Un éléphant, d'ailleurs, sait se mouvoir avec une vitesse plus considérable qu'on n'est tenté de le croire,—vitesse qui, suivant M. Sanderson, très compétent en cette matière, dépasse quelquefois vingt-cinq kilomètres à l'heure. À ceux qui étaient là, rien de plus aisé, conséquemment, soit de nous atteindre, soit de nous devancer.

Mais il ne paraissait pas que ce fût leur intention,—en ce moment du moins. Se réunir en plus grand nombre, c'est ce qu'ils voulaient sans doute. En effet, à certains cris, lancés comme un appel par leur vaste gosier, répondaient des cris de retardataires qui suivaient le même chemin.

Vers une heure après-midi, une trentaine d'éléphants, massés sur la route, marchaient à notre suite. C'était maintenant toute une bande. Rien ne prouvait que leur nombre ne s'accroîtrait pas encore. Si un troupeau de ces pachydermes se compose ordinairement de trente à quarante individus, qui forment une famille de parents plus ou moins rapprochés, il n'est pas rare de rencontrer des agglomérations d'une centaine de ces animaux, et les voyageurs ne sauraient envisager sans une certaine inquiétude cette éventualité.

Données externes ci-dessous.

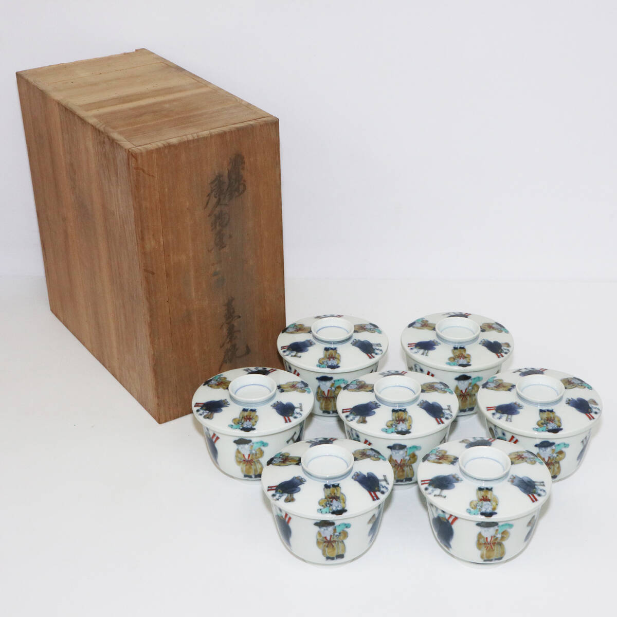 - 十二代目 酒井田柿右衛門 染錦 唐人物画 蓋茶碗 7客 共箱 蓋物 1003-7
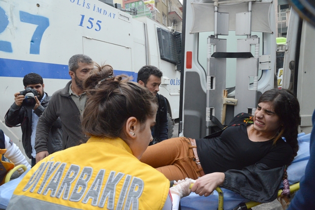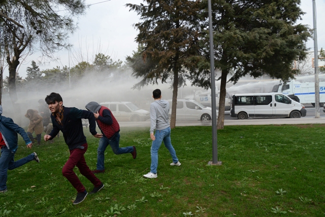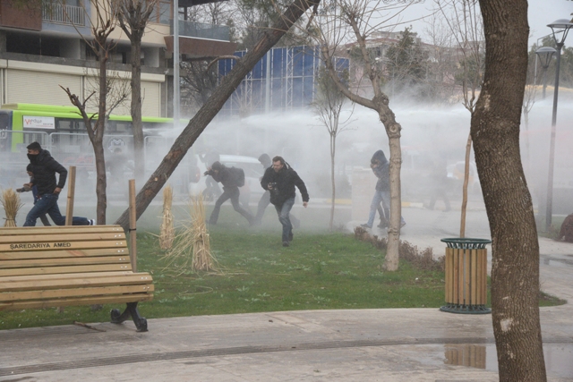 Diyarbakır'da operasyonların devam ettiği Sur İlçesine izinsiz yürümek isteyen gruba polis, gaz bombası ve tazyikli su ile müdahalede bulundu.
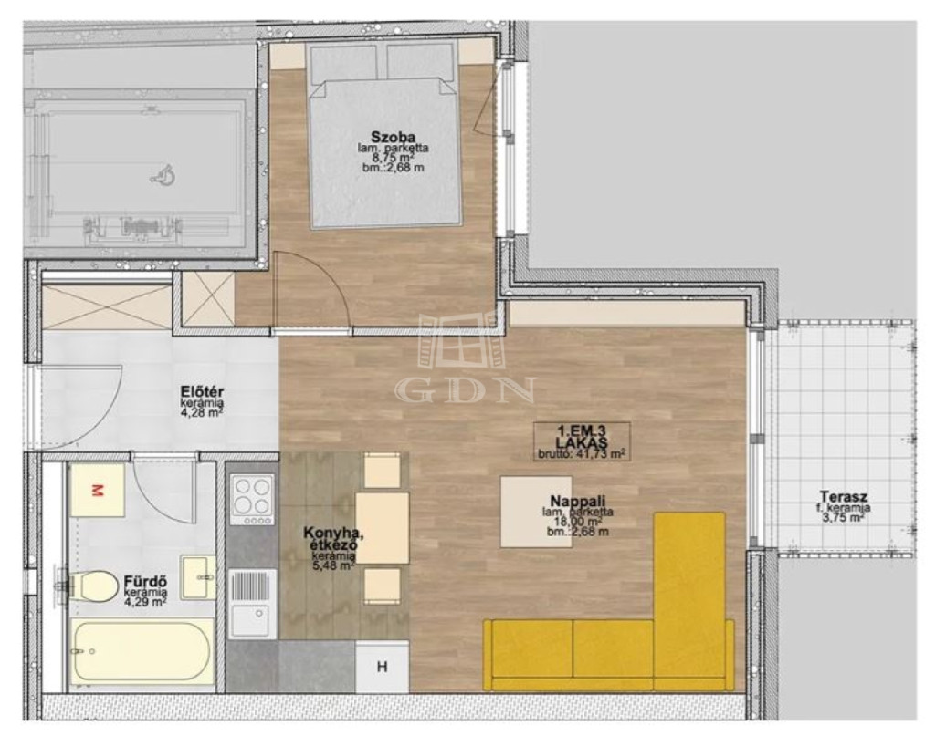 1. emelet – 40 m2 - 2 szoba – 4 m2 erkély – ELÉRHETŐ
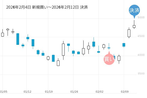 2月4日の朝寄付で新規買いエントリーし、2月12日の朝寄付で決済となり、利回りは+12.7%でした。
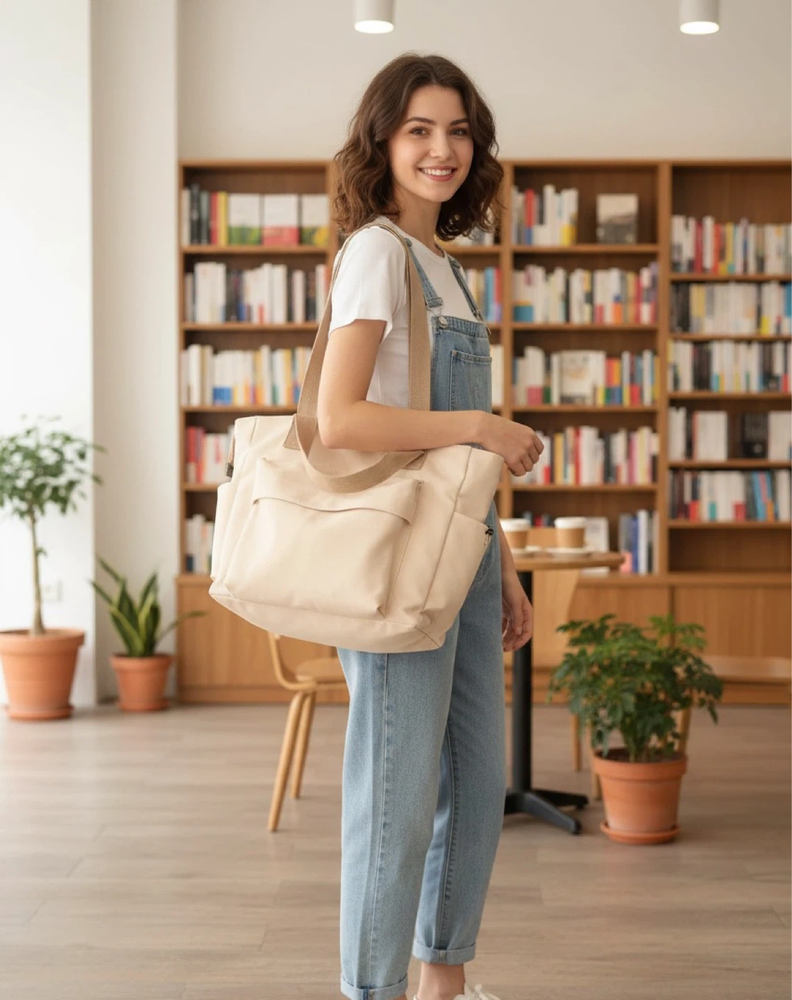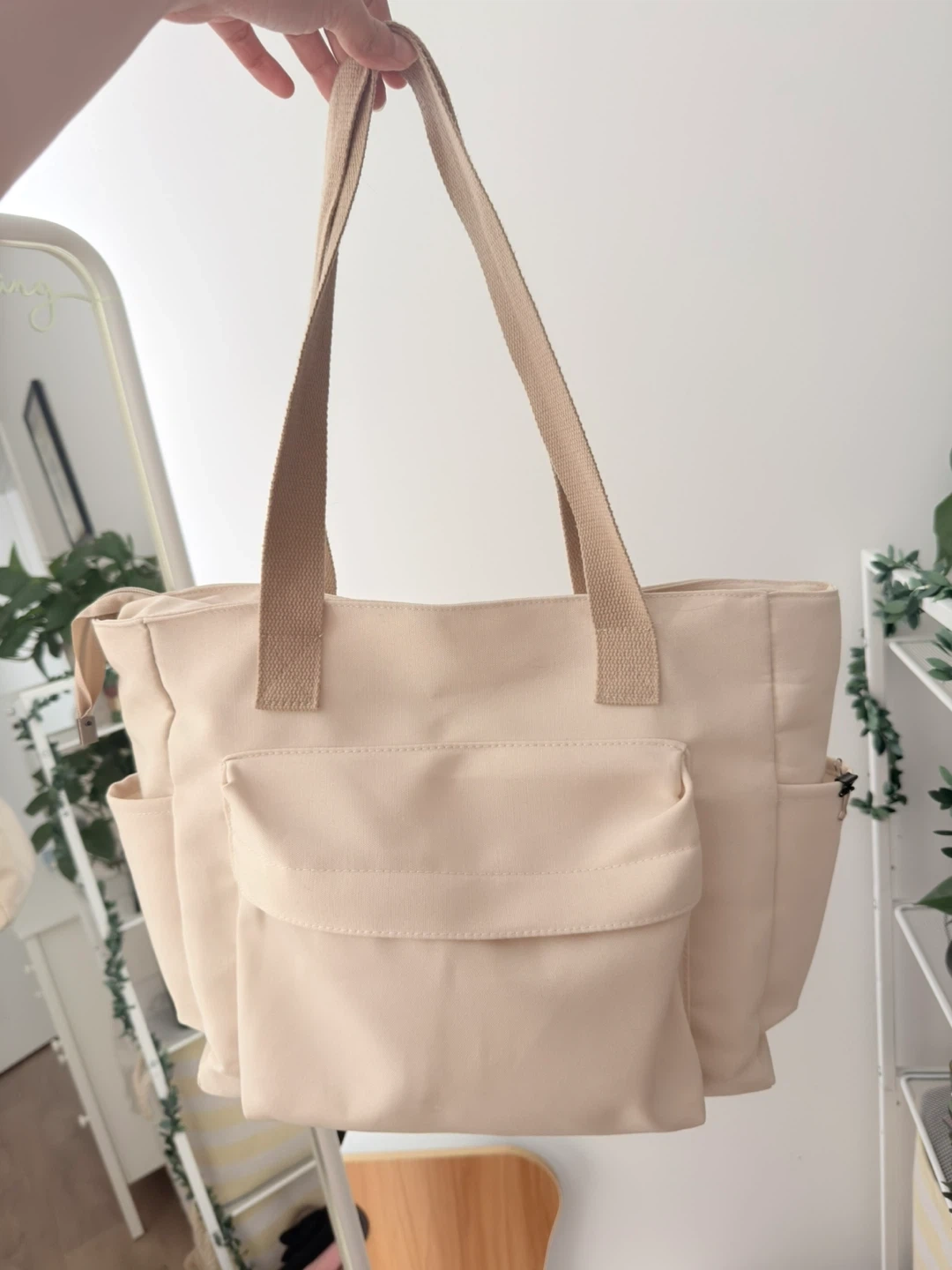 A cute and versatile beige canvas tote bag! Perfect for everyday use, shopping, or carrying books. It has several pockets for organization, making it super practical. It's in great condition and ready for a new owner
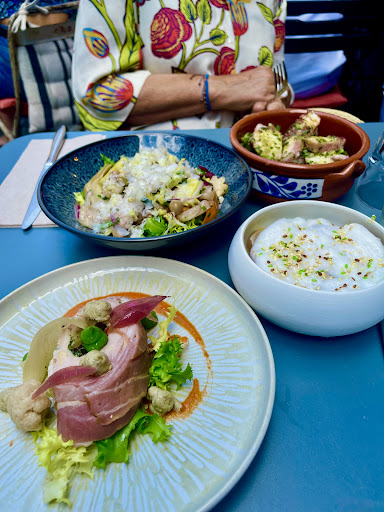 Côté nourriture le prix des assiettes est très élevé pour des quantités réduites mais surtout une absence totale de saveur. On avait l'impression que les cuisiniers avaient oublié l'existence des épices et herbes aromatiques. Les bulots étaient durs, le crespeou ressemblait à un flan aqueux comprenant des légumes cuits sans aromates, le tataki de thon avait peu de goût et les haricots l'accompagnant étaient noyés sous l'huile de sésame. Le pain d'accompagnement avait tout d'une baguette fade trouvable dans n'importe quelle boulangerie de quartier peu soigneuse. Pour finir nous avons eu le droit à une des pires panna cotta de notre vie, en-dessous de ce que l'on trouve en grande distribution. Elle n'avait pas la consistance d'une panna cotta (très liquide), elle était beaucoup trop sucrée et le goût de violette était sans aucun doute apporté par un sirop industriel et non pas par une infusion
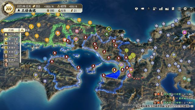 兵力は多いが相手の三好の援軍、織田への援軍要請を活用して合戦を行えば問題なく落とせる、余裕があれば威風小を起こせると攻略後掌握が解除されていないのでそのまま使用できる
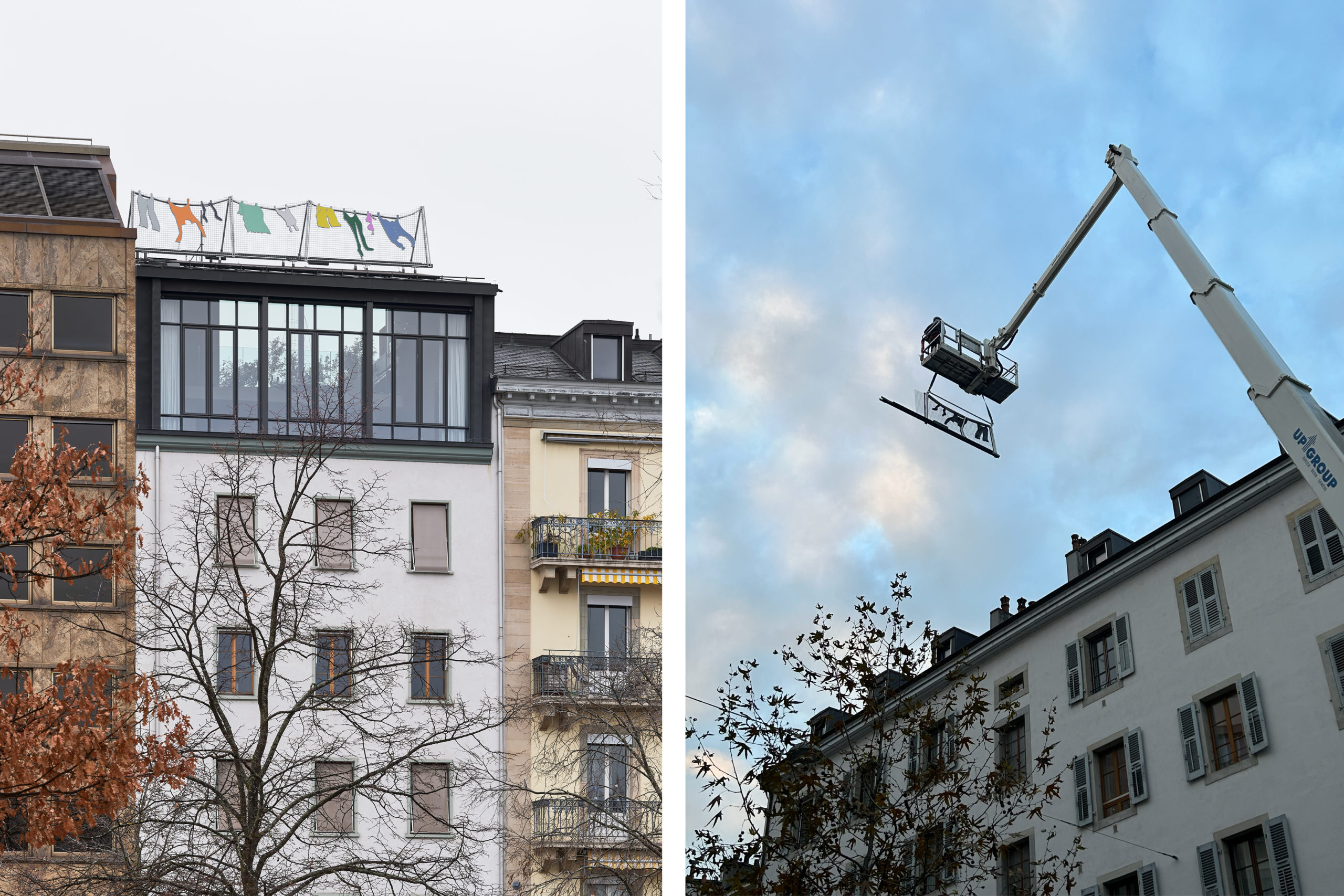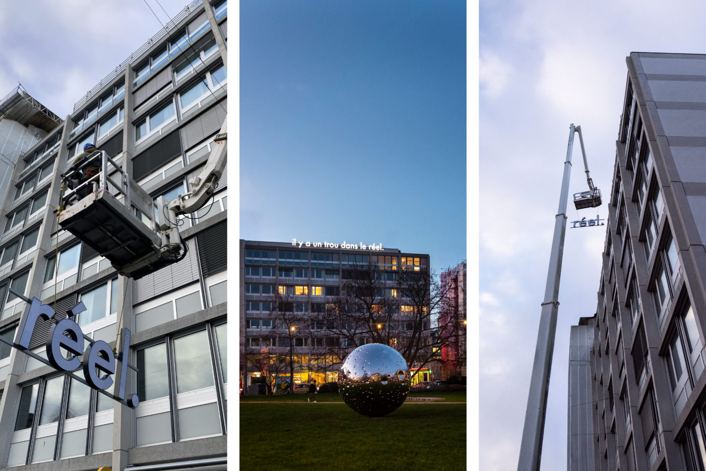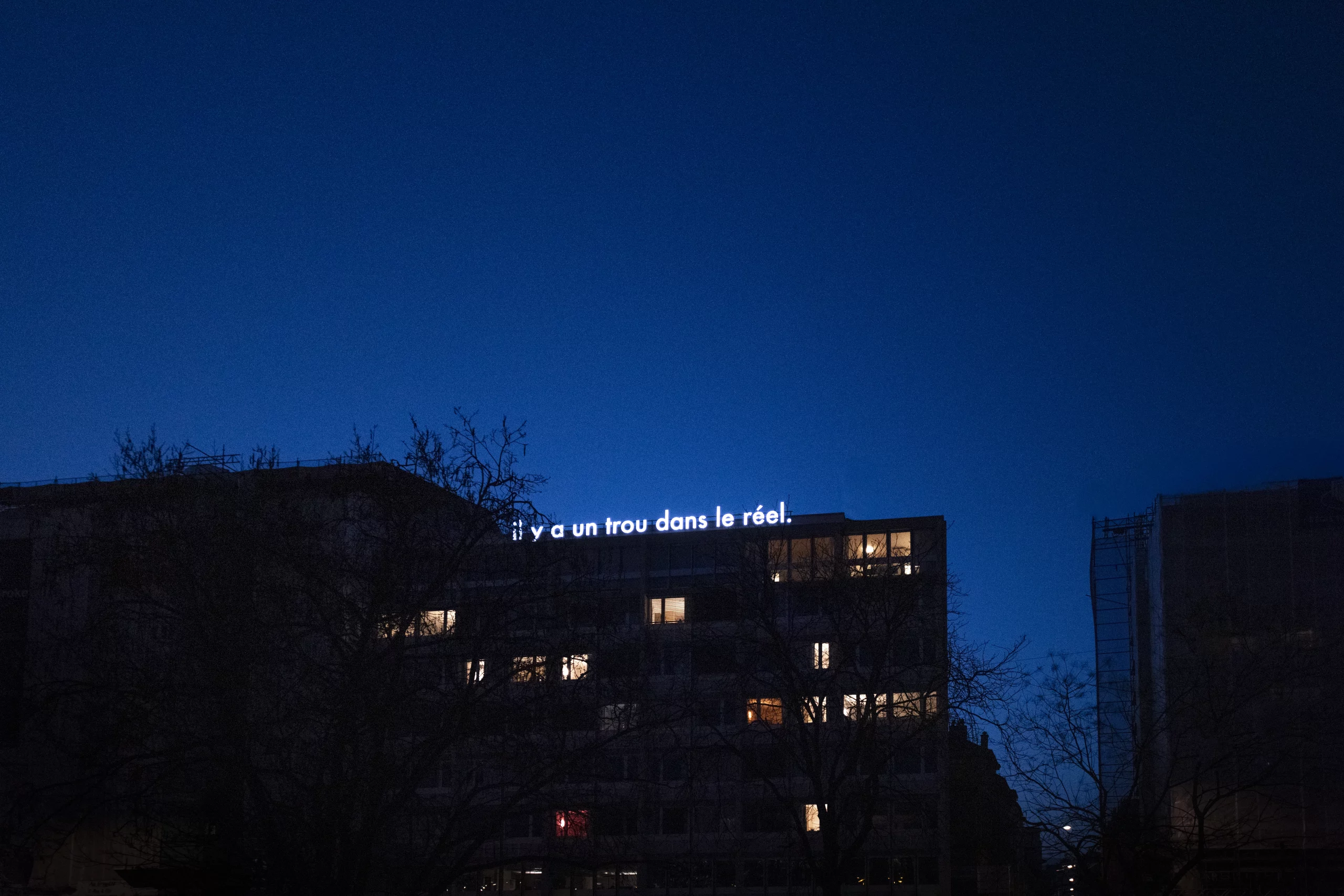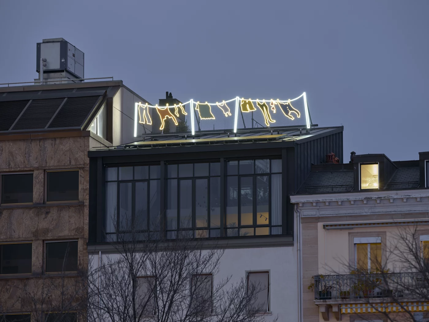 Neon Parallax est un projet d’art public initié en 2006 par les Fonds d’art contemporain de la Ville de Genève (FMAC) et du Canton de Genève (FCAC). Il établit un dialogue lumineux entre la rade et la Plaine de Plainpalais en transformant d’anciens dispositifs publicitaires en installations artistiques implantées sur les toitures genevoises.
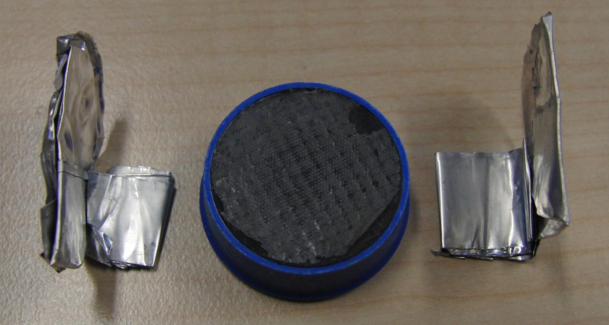 Als erstes stellt man dann die Pumpeneinheit her. Dazu werden die Teelichtschalen aufgeschnitten und zu Elektroden gebogen. Diese sollten am Ende etwa so aussehen wie in folgendem Bild:
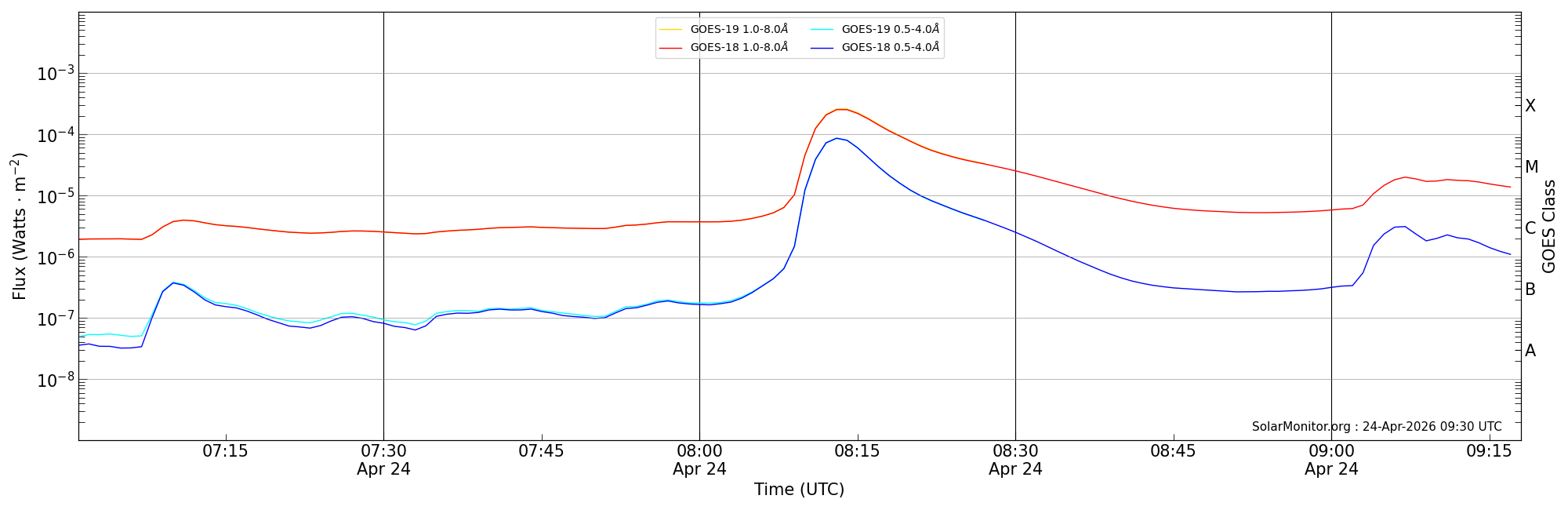 | 2026-04-24T08:01:00 | 08:13:00 | 08:18:00 | 16, 72 | 14419 | X2.5 | HEK : SSW Latest Events |
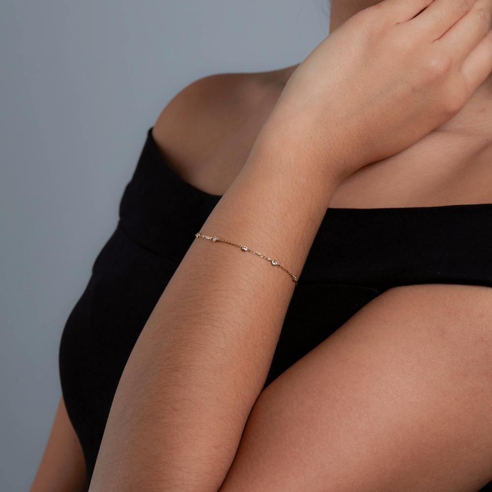 Armband 750/18 K Gelbgold Zirkonia 8 Steine 16-18 cm verstellbar Ø3 mm

Le colonel Munro, Banks, Hod, le sergent, Kâlagani, moi, nous avions pris place sous la vérandah de la seconde voiture, et nous observions ce qui se passait à l'arrière.

«Leur nombre augmente encore, dit Banks, et il s'accroîtra sans doute de tous les éléphants dispersés sur le territoire!

—Cependant, fis-je observer, ils ne peuvent s'entendre au delà d'une distance assez restreinte.

—Non, répondit l'ingénieur, mais ils se sentent, et telle est la finesse de leur odorat, que des éléphants domestiques reconnaissent la présence d'éléphants sauvages, même à trois ou quatre milles.

—C'est une véritable migration, dit alors le colonel Munro. Voyez! Il y a là, derrière notre train, tout un troupeau, séparé par groupes de dix à douze éléphants, et ces groupes viennent prendre part au mouvement général. Il faudra presser notre marche, Banks.

—Le Géant d'Acier fait ce qu'il peut, Munro, répondit l'ingénieur. Nous sommes à cinq atmosphères de pression, il y a du tirage, et la route est très raide!

—Mais à quoi bon se presser? s'écria le capitaine Hod, dont ces incidents ne manquaient jamais d'exciter la bonne humeur. Laissons-les nous accompagner, ces aimables bêtes! C'est un cortège digne de notre train! Le pays était désert, il ne l'est plus, et voilà que nous marchons escortés comme des rajahs en voyage!

—Les laisser faire, répondit Banks, il le faut bien! Je ne vois pas, d'ailleurs, comment nous pourrions les empêcher de nous suivre!

—Mais que craignez-vous? demanda le capitaine Hod. Vous ne l'ignorez pas, un troupeau est toujours moins redoutable qu'un éléphant solitaire! Ces animaux-là sont excellents!… Des moutons, de grands moutons à trompe, voilà tout!

—Bon! Hod qui s'enthousiasme déjà! dit le colonel Munro. Je veux bien convenir que, si ce troupeau reste en arrière et conserve sa distance, nous n'avons rien à redouter; mais s'il lui prend fantaisie de vouloir nous dépasser sur cette étroite route, il en pourrait résulter plus d'un dommage pour Steam-House!